At 9.13 pm on 3 April 2019, the Manager of Government Business introduced the Sharing of Abhorrent Violent Material Bill 2019 into the Australian Senate. It passed at 9.15 pm. No debate. No amendments. No referral to committee. The next day the House of Representatives performed its scrutiny duty with a similar level of rigour: four brief speeches. It received royal assent the day after.
This was a serious piece of law, unlike anything else in the world. It requires social media sites, ISPs and web hosts to remove ‘abhorrent violent material,’ such as terrorism, murder, attempted murder, torture, rape or kidnapping. This is content that is otherwise legal to show in television or print in newspapers.
Social media company executives who fail to comply could be fined up to $2.1 million and face three years in jail; companies could face fines of up to $10.5 million or 10 per cent of annual turnover. This was justified in the aftermath of the horrific Christchurch mosque shootings which led to (false) claims that Facebook did not take down the material for hours.

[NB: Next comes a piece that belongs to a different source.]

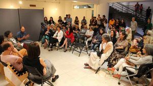 Cabe señalar que en el acto de inauguración de la muestra se realizó un conversatorio con la autora y distintas personalidades del mundo trans, quienes dialogaron con estudiantes de las carrera de Diseño además de familiares, artistas y poetas.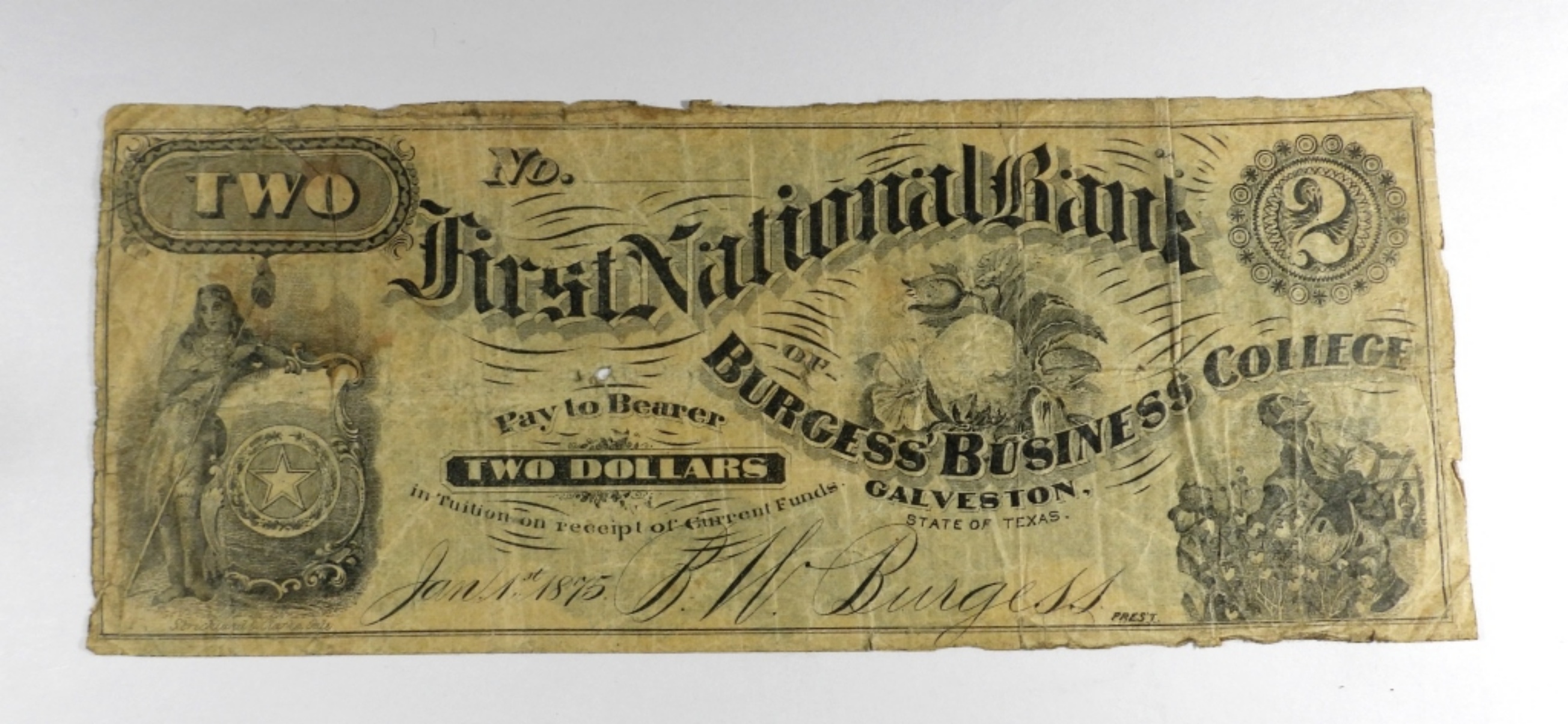 FIRST NATIONAL BANKD of BURGESS BUSINESS COLLEGE GALVESTON, STATE of TEXAS

This law raises serious free speech issues. The United Nation’s special rapporteurs on counterterrorism and human rights and freedom of expression wrote to the Australian government warning that the law endangers free speech because it could encourage social media companies to excessively remove content to avoid liability.
Those who are concerned about online free speech have – often rightly – pointed to problems with the content moderation policies of technology firms, the apparent political bias of algorithms, and the issues presented by tech groupthink.
While the actions of social media companies may be less than ideal, the real threat to online freedom comes from politicians hell-bent on changing the rules of the internet in response to a moral panic that blames the internet for all our social ills.
It is now commonplace to hear Republican politicians like Ted Cruz call for the removal of Section 230 for ‘biased’ companies. Section 230 means that content hosts are not legally liable – think defamation or harassment – for material they host until they are informed about the content’s illegality, at which point they must take it down. This means they do not have to pre-moderate all online material, which would be prohibitively expensive and encourage excessive removal of content to avoid legal costs.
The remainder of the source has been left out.